None-the-less, #ColorOurCollections also highlighted some less-than-best practices in the creation and distribution of digital files. Many of these libraries are on the forefront of digital preservation and/or user experience, but put out PDFs that violated all the rules… Its a bit disappointing since its not that hard to get a few little details right, and libraries should be leading by example.
A lot of libraries did a great job, but here are some little things that bugged me about many coloring book offerings:
- Random file names. If you are creating a PDF for public distribution don’t name it “coloringbook1.pdf” or “color-our-collections.pdf” or “jim_file3.pdf”. The file name is one of the few bits of metadata that can be easily understood without even opening the file. Make your file name descriptive and meaningful, providing the basic metadata (creator, title, and date) in a place where Everyone can see it. Example: “ThisLibrary_CoolColoringBook_2016.pdf”
- Huge file sizes. A coloring book is a mostly black and white document designed to be printed at approximately letter size paper. A reasonable file size for something around 15 pages is under 2 MB, and could be smaller. I saw many PDFs in the range of 25MB, and some over 65MB! Larger file sizes will not give better quality–this is for public web distribution not a professional press run printing glossy coffee table books. Think about your users and your web servers. People have to DOWNLOAD the PDF! Please make it a reasonable size.
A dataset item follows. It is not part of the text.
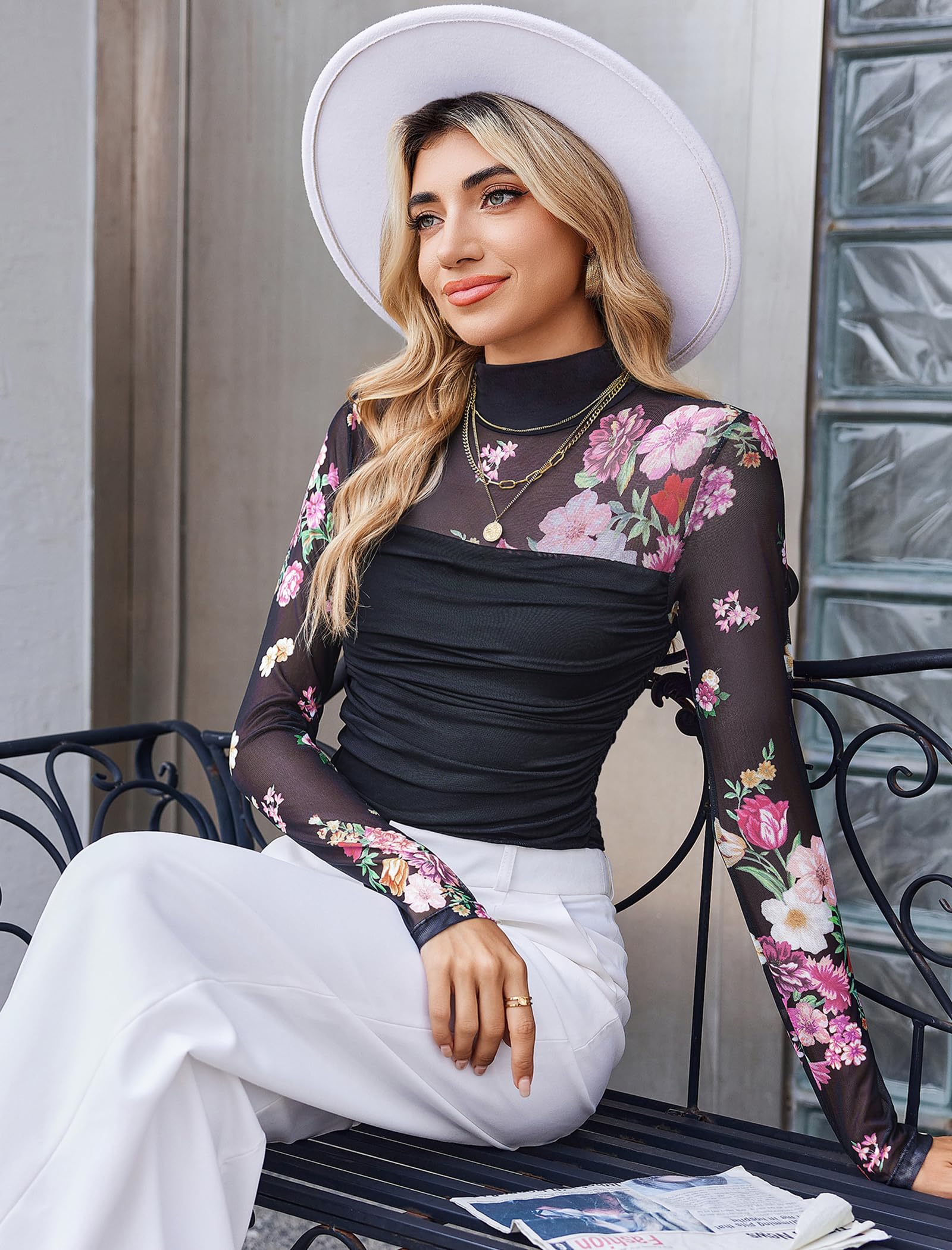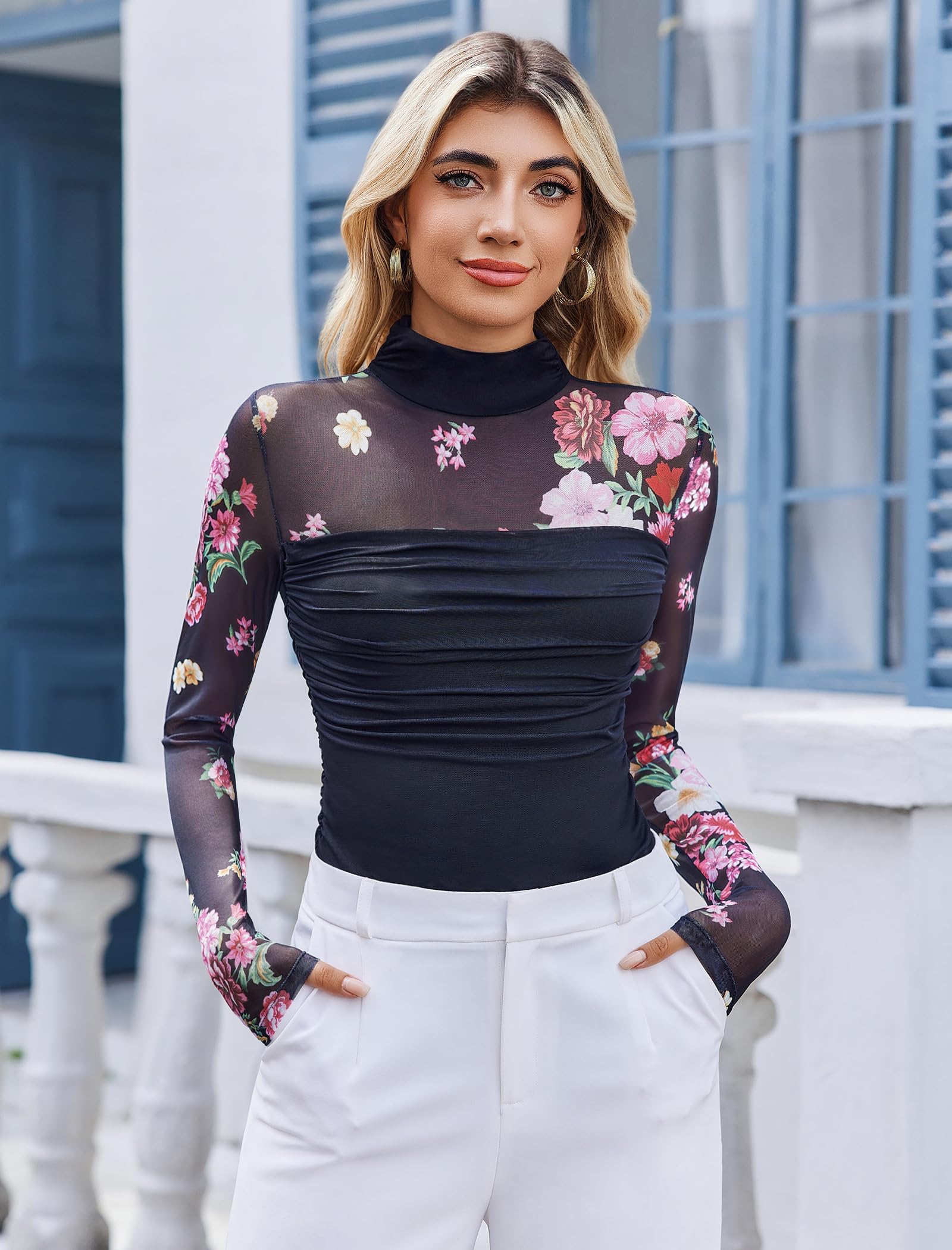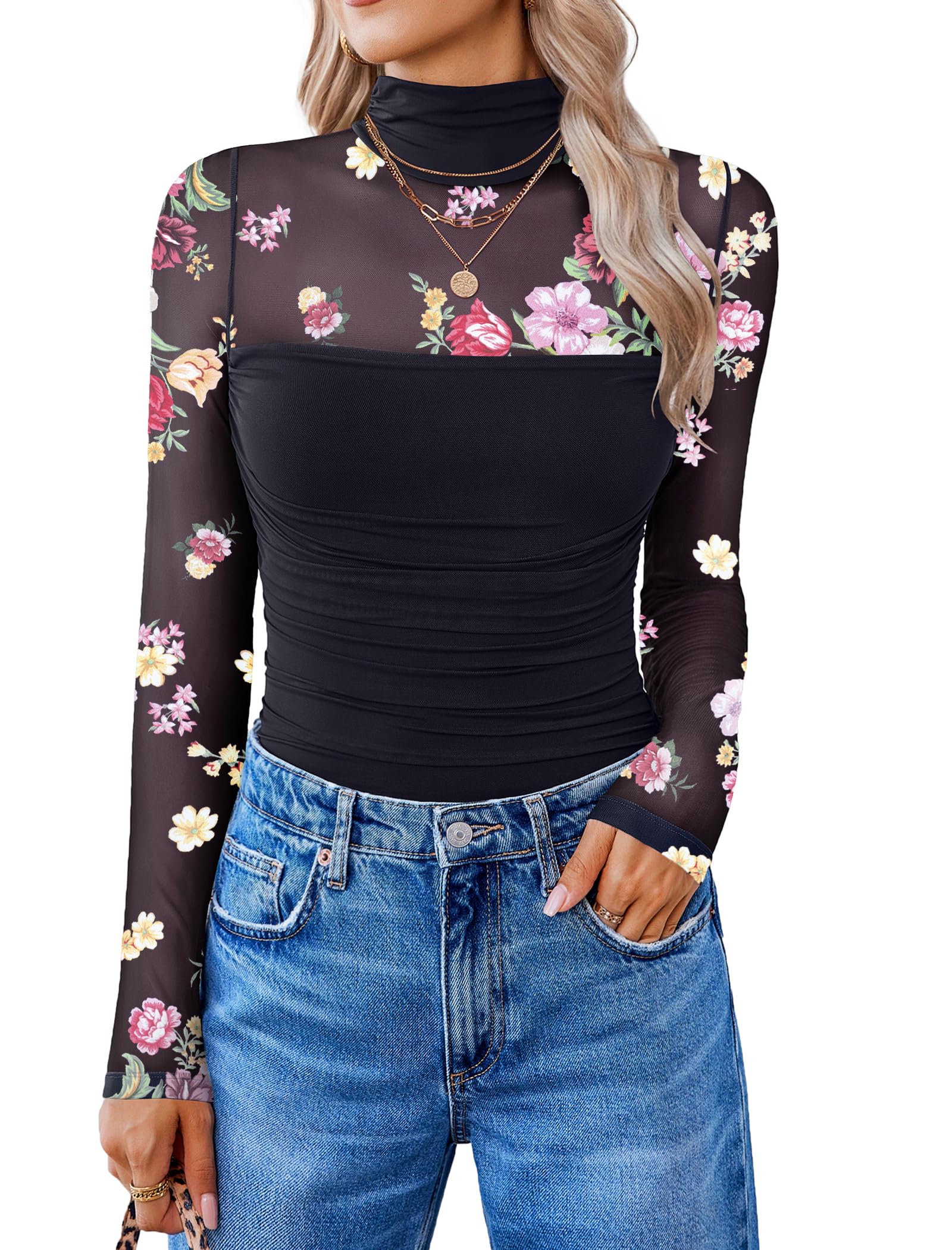 【Design】Sheer bodysuit for women feature Turtle neck and mesh sleeves ,design with double-layer fabric, layered ruched decoration,from chest to waist with super soft material,make it more slim fitting, bring a sense of detail design to basic styles, but also make them more elegant and versatile,great staple for your wardrobe.

- No embedded metadata. When creating a PDF you should always check the embedded metadata. If you are exporting a PDF from LibreOffice Writer or MS Word, it will have embedded metadata automatically created based on your profile. Unfortunately, many people don’t realize that and have never checked their profile. Many of the coloring books thus have metadata like “Title: Microsoft Word – coloringbook_draft3_fromJim.docx” and an Author that is the profile name of who ever first created the file. This metadata will be displayed when users import the PDF into a ebook management tool, such as Calibre. Furthermore, this information is not helpful for future users trying to understand where the file came from and what it is–and could be a bit embarrassing depending on what the automatically generated information contains. I suggest you carefully edit the metadata before exporting the final version of your PDF. It should contain a meaningful title, a subject such as “#ColorOurCollections 2016”, an author/creator that relates to the institution, and a URL to find more information.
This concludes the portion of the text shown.